● TASK BRIEF
Restate word for word the section of the entries that opens at the line containing "Presilha de Cabelo" and closes at the line containing "Mexen Tomas гранитна", both lines kept, pictures dropped.

● RECORDS FOR THIS TASK
********
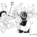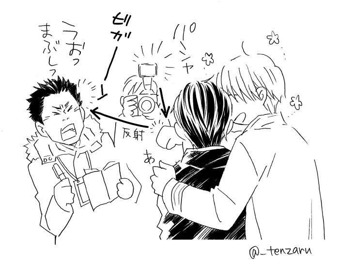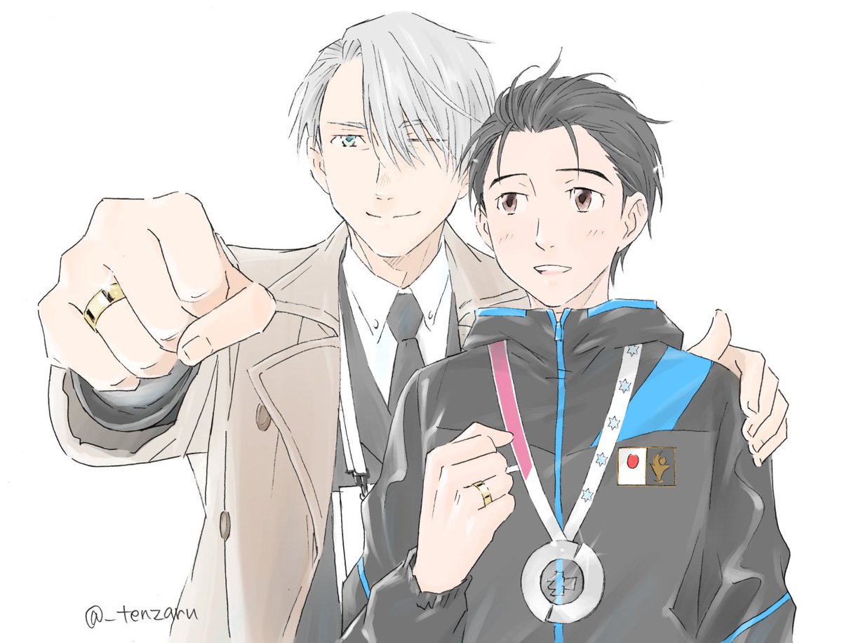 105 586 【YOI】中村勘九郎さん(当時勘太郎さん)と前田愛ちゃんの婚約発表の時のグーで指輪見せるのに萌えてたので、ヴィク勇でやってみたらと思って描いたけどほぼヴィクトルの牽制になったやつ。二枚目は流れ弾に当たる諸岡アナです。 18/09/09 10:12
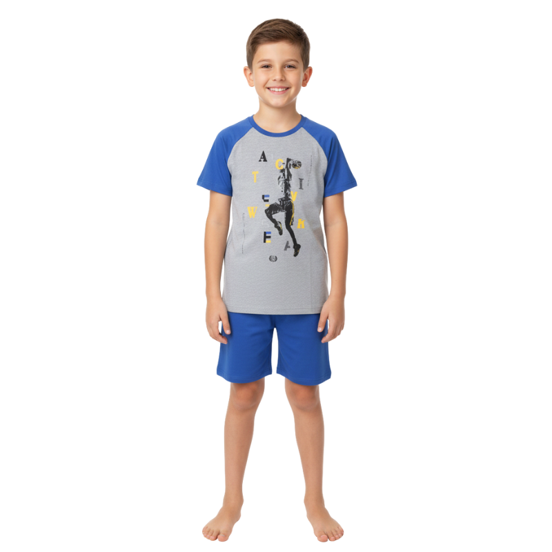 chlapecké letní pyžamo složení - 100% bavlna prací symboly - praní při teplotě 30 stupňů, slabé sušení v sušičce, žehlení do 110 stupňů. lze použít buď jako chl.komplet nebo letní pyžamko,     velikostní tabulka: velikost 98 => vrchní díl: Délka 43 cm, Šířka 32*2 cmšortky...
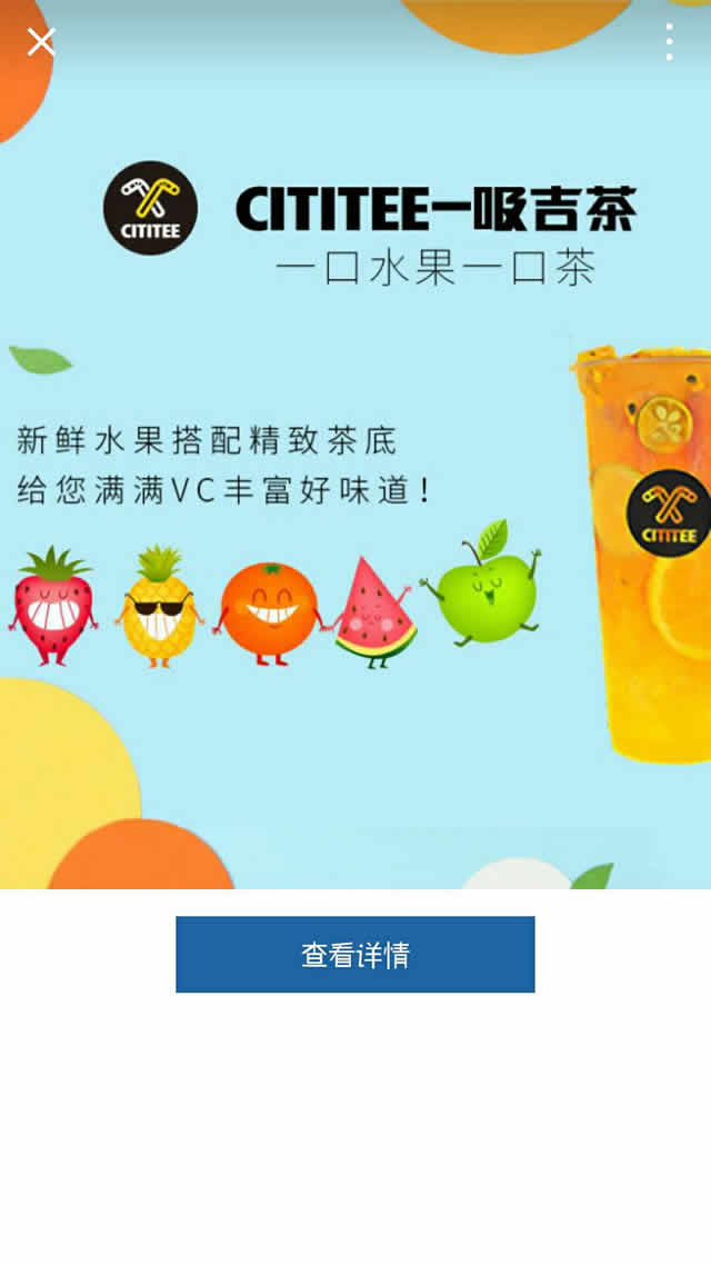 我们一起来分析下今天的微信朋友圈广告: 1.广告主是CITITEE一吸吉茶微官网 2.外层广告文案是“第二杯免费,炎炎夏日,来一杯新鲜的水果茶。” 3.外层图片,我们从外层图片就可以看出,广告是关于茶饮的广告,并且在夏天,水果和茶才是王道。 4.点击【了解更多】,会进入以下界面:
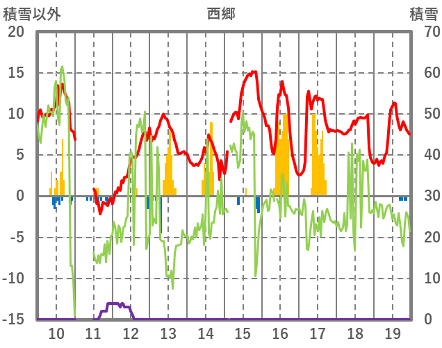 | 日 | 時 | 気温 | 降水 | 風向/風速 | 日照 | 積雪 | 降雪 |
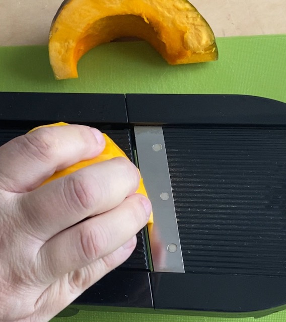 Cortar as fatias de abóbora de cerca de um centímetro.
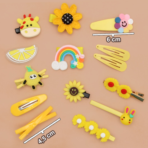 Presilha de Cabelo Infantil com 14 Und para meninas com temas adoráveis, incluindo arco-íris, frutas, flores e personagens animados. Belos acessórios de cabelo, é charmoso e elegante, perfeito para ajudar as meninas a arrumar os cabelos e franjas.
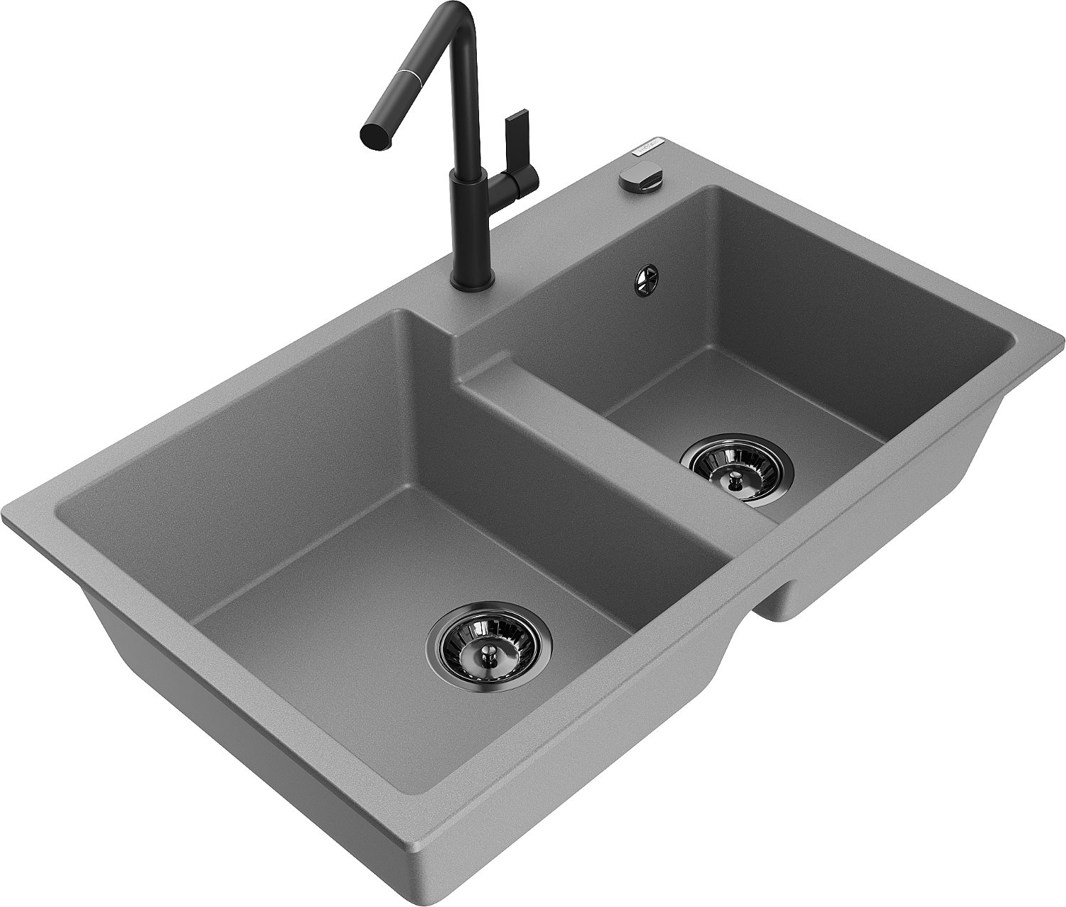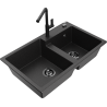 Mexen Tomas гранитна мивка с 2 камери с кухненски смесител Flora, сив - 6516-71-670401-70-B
********
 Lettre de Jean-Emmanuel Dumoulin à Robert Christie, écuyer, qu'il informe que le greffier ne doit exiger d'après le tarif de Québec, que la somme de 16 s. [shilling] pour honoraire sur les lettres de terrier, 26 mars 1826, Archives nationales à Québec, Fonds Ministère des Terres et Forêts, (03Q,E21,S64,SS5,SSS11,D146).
********
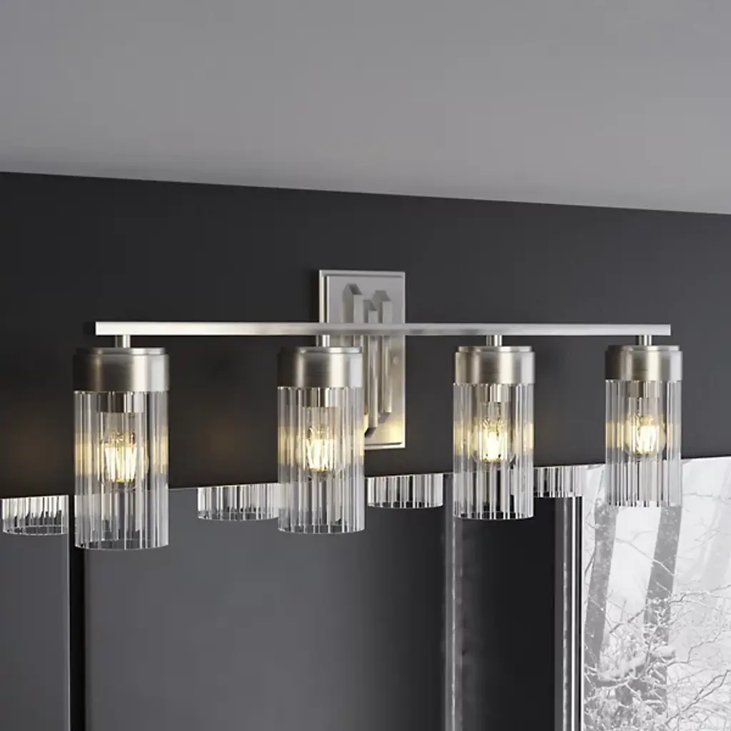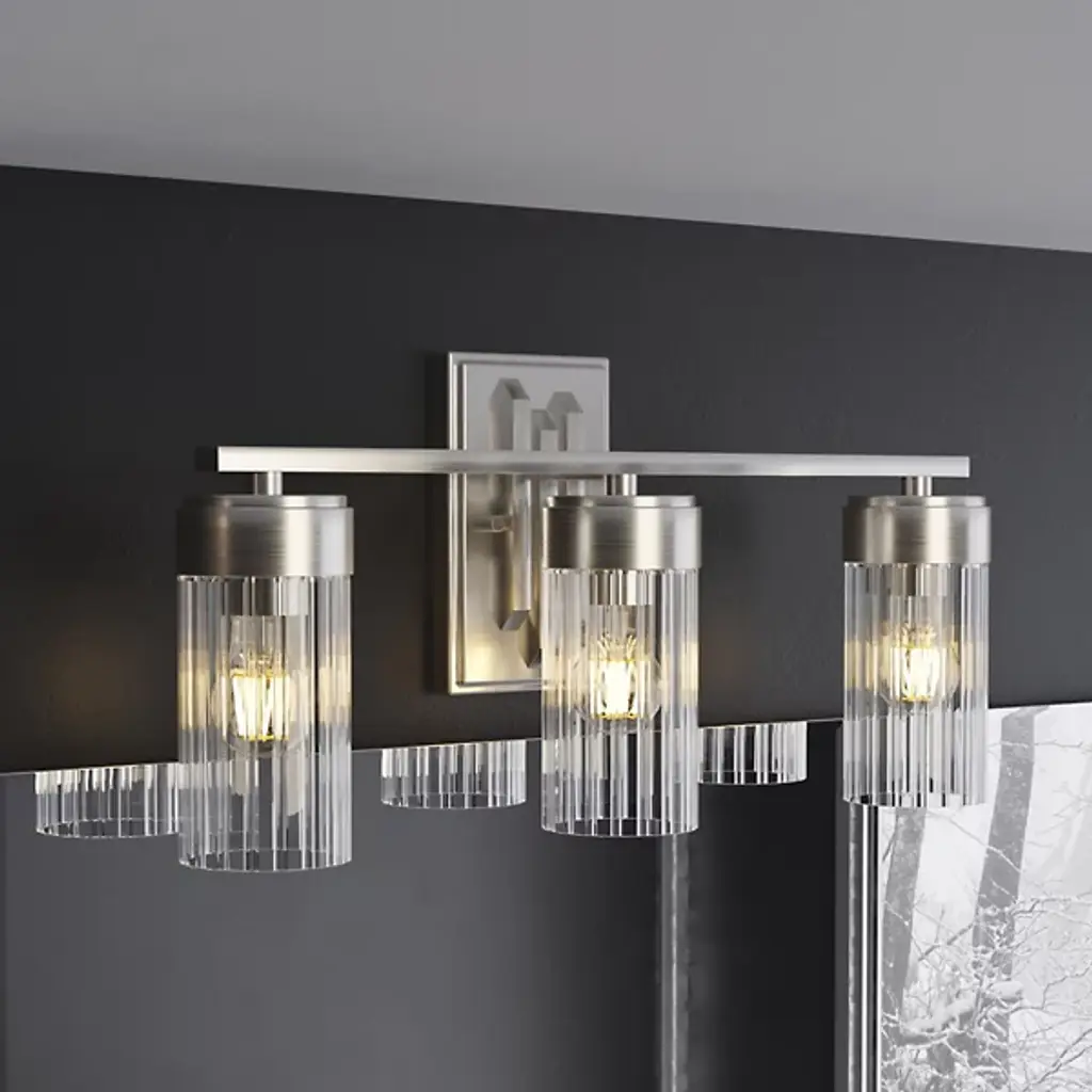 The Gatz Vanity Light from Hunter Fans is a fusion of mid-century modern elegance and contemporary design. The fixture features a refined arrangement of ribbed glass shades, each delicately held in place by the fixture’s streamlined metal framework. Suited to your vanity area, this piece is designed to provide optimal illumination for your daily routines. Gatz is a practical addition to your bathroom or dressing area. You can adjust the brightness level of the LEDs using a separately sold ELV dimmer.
********
● RESULT FOR THIS TASK
 Presilha de Cabelo Infantil com 14 Und para meninas com temas adoráveis, incluindo arco-íris, frutas, flores e personagens animados. Belos acessórios de cabelo, é charmoso e elegante, perfeito para ajudar as meninas a arrumar os cabelos e franjas.
 Mexen Tomas гранитна мивка с 2 камери с кухненски смесител Flora, сив - 6516-71-670401-70-B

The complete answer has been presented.